Caspase Colorimetric Assay
Caspase activities were measured with the Caspase Colorimetric Substrate Set II Plus kit (BioVision Inc., Milpitas, CA, USA) as previously described [37]. In brief, protein extracts (100 µg) were added to a reaction buffer containing a p-nitroanilide-labelled specific caspase substrate and incubated for 2h at 37°C. Relative caspase activity was measured as optical density at 405 nm in a microplate reader (Bio-Rad Laboratories, Inc., Italy).
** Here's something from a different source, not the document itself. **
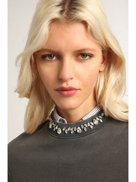 Sweatshirt in anthracite grey with cabouchon crystals

Fold-increase in caspase activity was determined by comparing results with the level of the uninduced control.
Nitrite Assay
Nitric oxide production in the primary embryonic hippocampal neurons was assessed by the Griess method, as previously described [13]. Briefly, after 24 h treatments, 100µL aliquots of culture supernatants were incubated with 100 µL of Griess reagent (1% sulphanilamide, 0,1%N-(1-naphtil)ethyl-enediamine dihydrochloride and 5% of phosphoric acid) at room temperature for 20 min. Optical density at 540 nm was determined using a microplate reader (Bio-Rad Laboratories). The nitrite concentration was determined from a sodium nitrite standard curve.
Statistical Analysis
Data were analyzed by the one-way analysis of variance (ANOVA) test, followed by the Bonferroni post-hoc test. Data were represented as means ± standard error mean (SEM). Significance was set at a p<0.05. Graph design and statistical analyses were carried out with the dedicated software GraphPad Prism (La Jolla, CA, USA).